▶ **MATERIAL PROVIDED**:
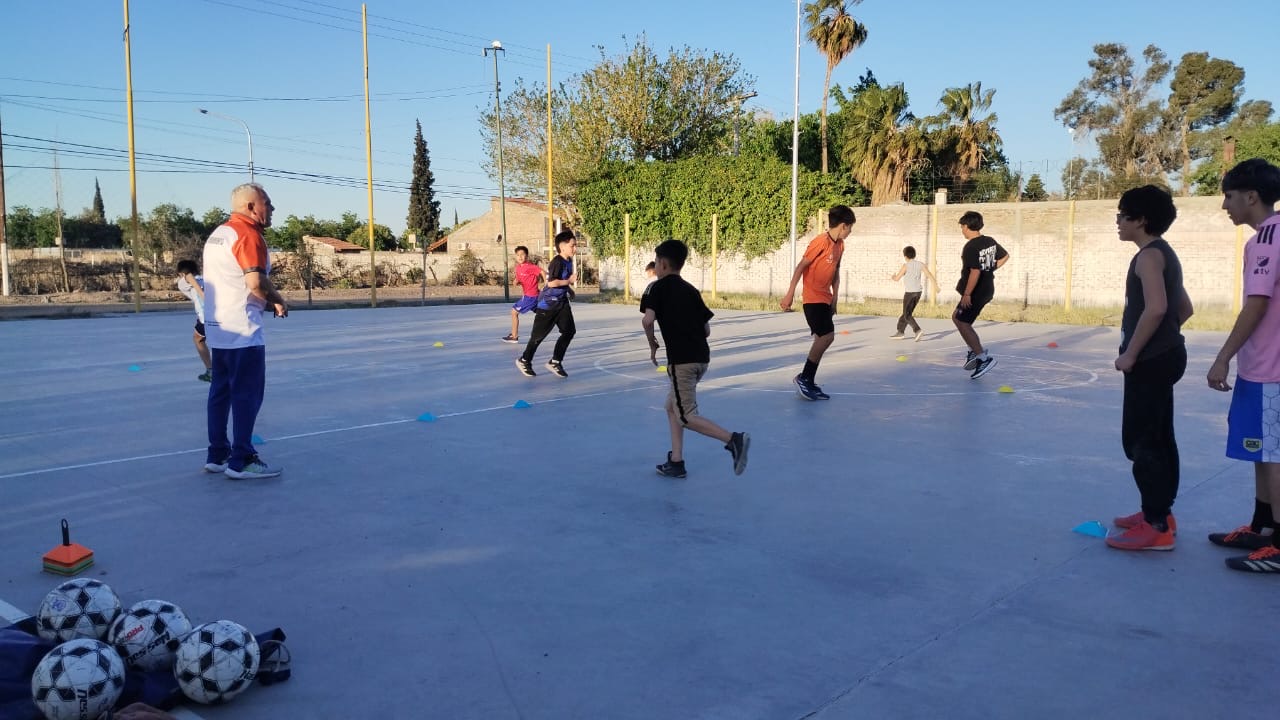 El profesor Moreno llevó adelante un entrenamiento enfocado en el trabajo físico y la velocidad, clave en el proceso de iniciación deportiva. Durante la práctica, los chicos realizaron ejercicios específicos mientras, en paralelo, el docente aprovechó para dialogar con los profesores, brindando consejos y una breve reseña sobre el control de la velocidad aplicada al fútbol.
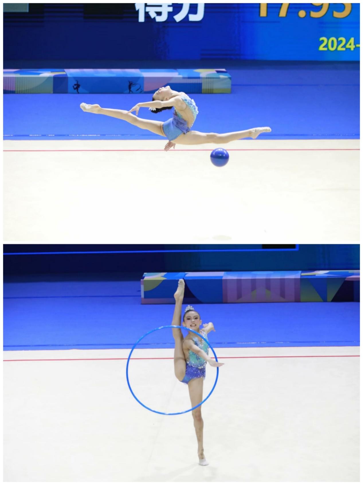 少年A组、C组运动员苏墨涵、江睿萱徒手、带操比赛现场
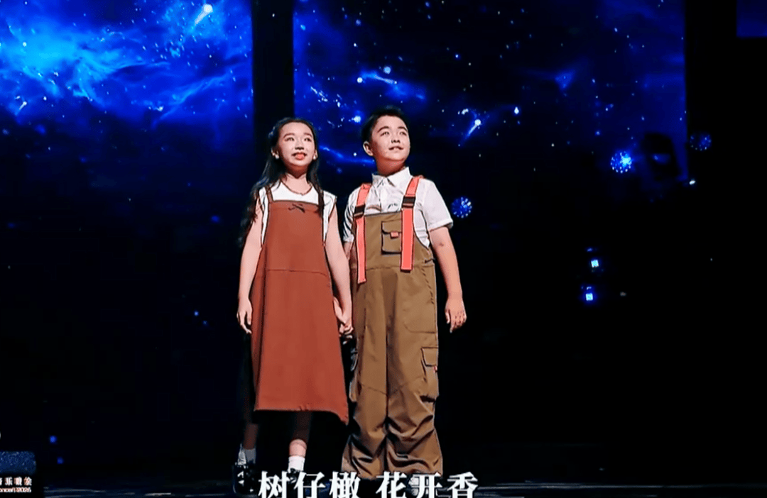 高云翔董璇女儿小酒窝和陈思诚佟丽娅儿子陈奕橦作为伴舞开场,两人手拉手跳舞非常活泼可爱。

▶ **TASK DETAILS**:
Only the lines from the line with "少年A组、C组运动员苏墨涵、江睿萱徒手、带操比赛现场" through the closing line of the data, both included, should be set down, exactly as written and without pictures.

▶ **SOLUTION TO THIS EXERCISE**:
 少年A组、C组运动员苏墨涵、江睿萱徒手、带操比赛现场
 高云翔董璇女儿小酒窝和陈思诚佟丽娅儿子陈奕橦作为伴舞开场,两人手拉手跳舞非常活泼可爱。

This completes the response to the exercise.